OpenAI evaluates chain-of-thought monitorability
Study finds longer reasoning traces improve oversight without undermining model performance
OpenAI has introduced a new framework to assess how easily the reasoning processes of advanced artificial intelligence models can be monitored, as part of efforts to understand how oversight changes as models become more capable.
The company said the framework evaluates the “monitorability” of chains of thought, the intermediate reasoning steps used by so-called reasoning models, and examines how this varies with test-time compute, reinforcement learning and pretraining scale.
In a statement, OpenAI said the suite comprises 13 evaluations across 24 environments and three archetypes: intervention, process and outcome-property. It is designed to test whether monitoring systems can predict properties of an agent’s behaviour based on its reasoning rather than only its actions or final outputs.
The accompanying paper reported that monitoring chains of thought outperforms approaches that focus solely on actions or final answers.
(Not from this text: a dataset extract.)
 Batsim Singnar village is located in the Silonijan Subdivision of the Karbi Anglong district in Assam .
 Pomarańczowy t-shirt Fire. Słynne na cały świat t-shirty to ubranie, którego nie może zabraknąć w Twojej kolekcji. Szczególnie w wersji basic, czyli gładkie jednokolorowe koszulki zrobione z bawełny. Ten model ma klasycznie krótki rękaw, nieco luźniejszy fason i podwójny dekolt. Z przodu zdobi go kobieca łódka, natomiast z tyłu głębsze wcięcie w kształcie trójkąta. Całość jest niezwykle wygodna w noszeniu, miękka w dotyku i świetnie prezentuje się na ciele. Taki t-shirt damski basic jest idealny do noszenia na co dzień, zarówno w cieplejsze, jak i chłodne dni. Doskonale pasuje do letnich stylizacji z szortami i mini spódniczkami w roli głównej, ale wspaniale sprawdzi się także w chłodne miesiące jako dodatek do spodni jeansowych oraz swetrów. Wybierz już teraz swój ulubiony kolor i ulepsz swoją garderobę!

It found that longer chains of thought generally improve monitorability, and that reinforcement learning at the frontier scales studied “does not materially degrade monitorability” and can increase monitorability at early reasoning steps.
OpenAI added that the research points to a trade-off it describes as a “monitorability tax”, in which deploying a smaller model with higher reasoning effort can match the capabilities of a larger system while remaining easier to monitor.
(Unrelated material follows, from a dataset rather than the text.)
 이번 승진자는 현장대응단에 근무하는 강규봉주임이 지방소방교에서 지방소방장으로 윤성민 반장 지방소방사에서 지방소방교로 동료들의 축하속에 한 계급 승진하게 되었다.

The company outlined the three evaluation archetypes in more detail. Intervention tests assess whether a monitor can detect why behaviour changed by identifying evidence of an intervention within the chain of thought. Process evaluations check which solution steps a model took when valid paths can be enumerated. Outcome-property tests examine whether a monitor can predict measurable properties of the output, such as reward hacking.
The paper also reported that monitors are more effective when given access to full chains of thought, and that asking follow-up questions can reveal additional monitorable information, particularly when initial reasoning effort is low.
OpenAI urged researchers across the industry to work to preserve the monitorability of chains of thought and to develop methods to measure and maintain it as models scale and are deployed in higher-stakes settings.
The Recap
- OpenAI released a framework to evaluate chain-of-thought monitorability.
- Suite includes 13 evaluations covering 24 testing environments.
- The company urged researchers to preserve monitorability and study methods.